In Louisiana, the AstroTurf (fake grassroots) group Americans for Prosperity – the group appears to be largely financed and controlled by the Koch brothers and other wealthy donors – has been running advertisements targeting Sen Mary Landrieu. In these ads, we see what appear to be ordinary Louisiana residents receiving notices telling them that their insurance policies have been cancelled because of Obamacare. But the people in the ads are, in fact, paid actors, and the scenes they play aren't re-enactments of real events – they're "emblematic", says a spokesman for the group.

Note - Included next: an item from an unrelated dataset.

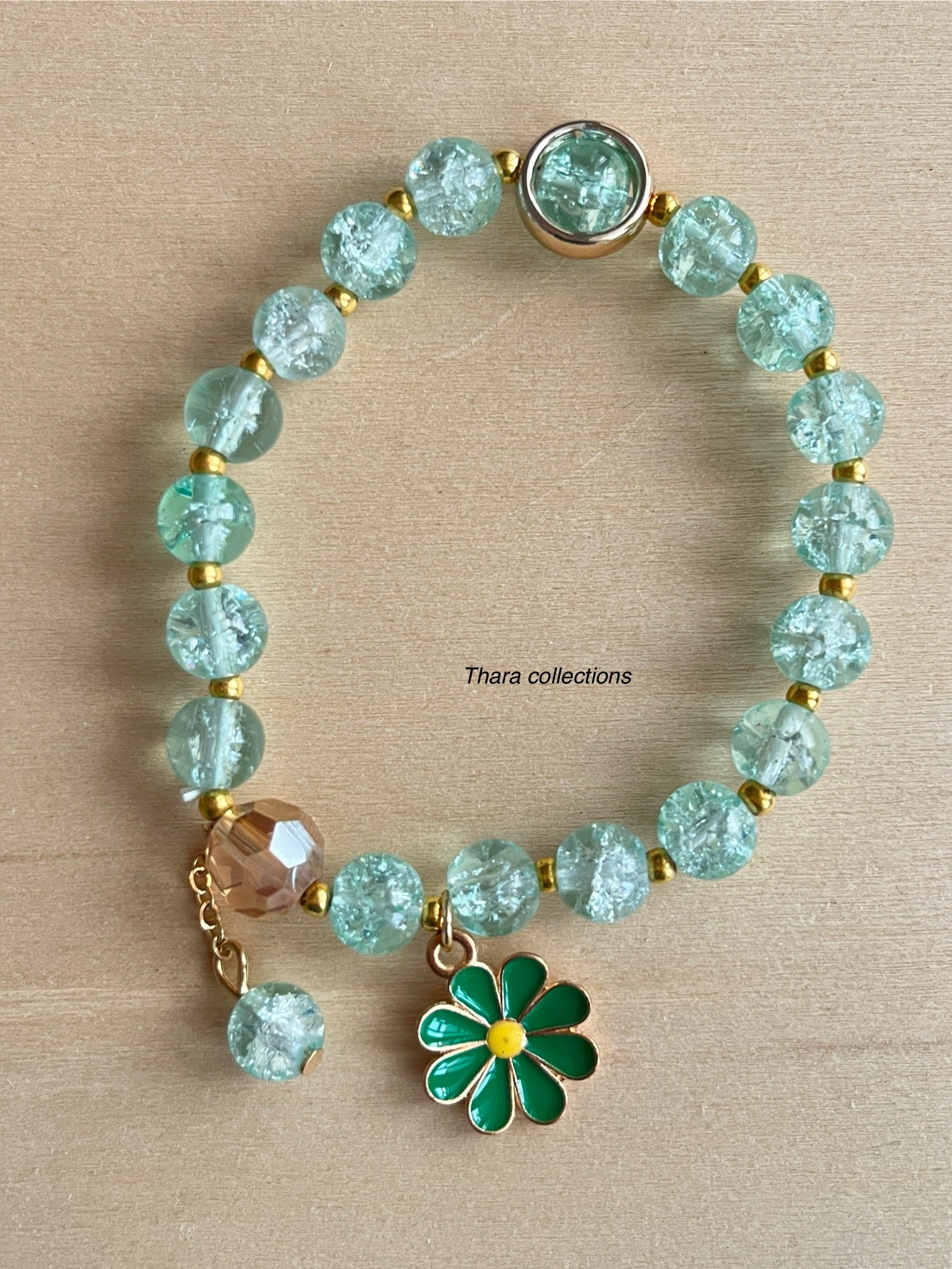 Add a touch of charm to your wrist with our handcrafted beaded bracelet. Featuring crystal white crackle beads, gold-tone accents, and a beautiful green enamel daisy pendant, this bracelet is perfect for adding a playful yet elegant touch to any outfit. The adjustable design ensures a comfortable fit for all. Perfect for casual wear, gifting, or stacking with other bracelets!

In Michigan, Americans for Prosperity is running an advertisement that does feature a real person. But is she telling a real story? In the ad, Julia Boonstra, who is suffering from leukemia, declares that her insurance has been cancelled, that the new policy will have unaffordable out-of-pocket costs, and that "if I do not receive my medication, I will die".

But Glenn Kessler of the Washington Post tried to check the facts, and learned that, thanks to lower premiums, she will almost surely save nearly as much if not more than she will be paying in higher out-of- pocket costs.

Even supporters of health reform are surprised by the right’s apparent inability to come up with real hardship cases . What the right wants are struggling average Americans facing financial devastation from health reform. So those are the tales they’re telling, even though they haven’t any real examples. Hey, I have a suggestion: Why not have advertisements in which actors play Americans who have both lost their insurance thanks to Obamacare and lost the family farm to the death tax? I mean, once you’re just making stuff up, anything goes.